El fogón se encendía a soplillo, con astillas de madera y mixtos que prendían leños de cepa viaja. Años más tarde, como consecuencia del progreso industrial, se impuso la “cocina económica”: una especie de mostrador con plancha metálica y hornillo donde ardían trozos de tronco cortados a golpe de hacha; por lo que los únicos medios de calefacción durante el invierno eran los tizones en ascuas, el brasero en la alcoba o a pie de mesa en el costurero, y la botella de agua caliente para quitar el frío a las sábanas.

En la escuela, antes de salir a recreo, aparte del pan con birica que se traía de casa, nos daban un duralex de leche americana y un corte de queso amarillo Mr.

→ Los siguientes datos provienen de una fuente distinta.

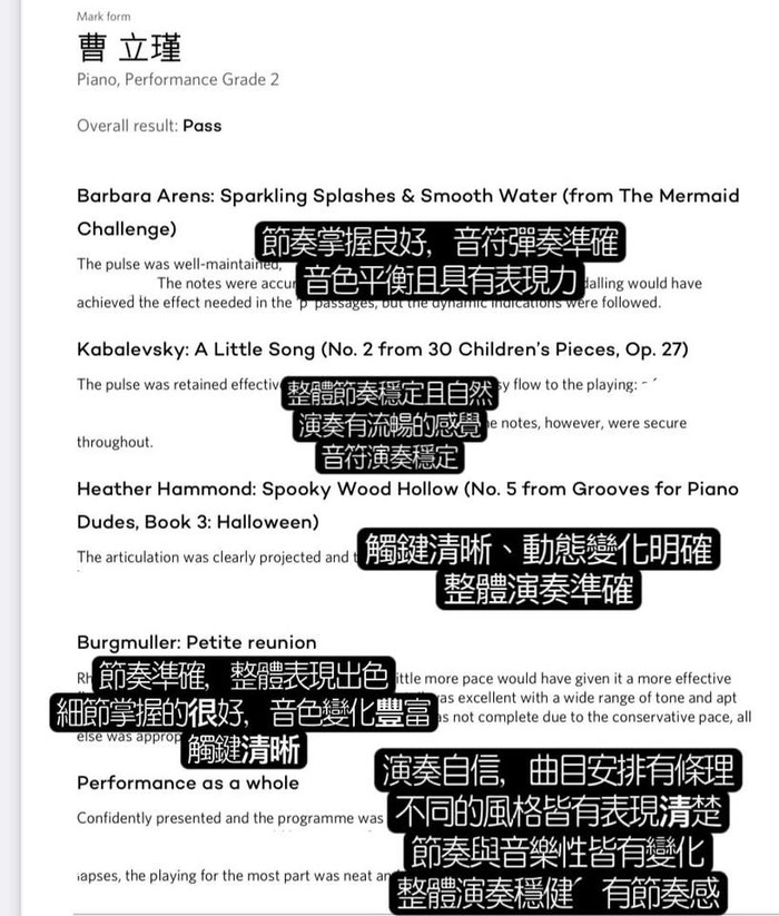 最終,他還是成功通過考試!評語裡提到他的演奏是「穩健的」,這對於一位六歲孩子來說,真的非常了不起。

Marshall para almorzar.

Nuestras madres realizaban un sinnúmero de quehaceres domésticos difíciles de abarcar; uno de los más fatigosos era llevar la colada en grandes bañeras, sobre la cabeza o debajo de los brazos, a conocidos sitios de los ríos donde había leras adecuadas para frotar y lavar sábanas con jabón chimbo y azulete.

Así, en efecto, fluía el sentido de la vida en aquella época; en esta fluye de manera diferente, sin que ello obste para que en las dos se mantenga armonioso. Lo cual, en resumen, me recuerda el inmodificable aforismo del oscuro Heráclito: “No puedes bañarte dos veces en el mismo río, porque nuevas aguas corren siempre sobre ti”.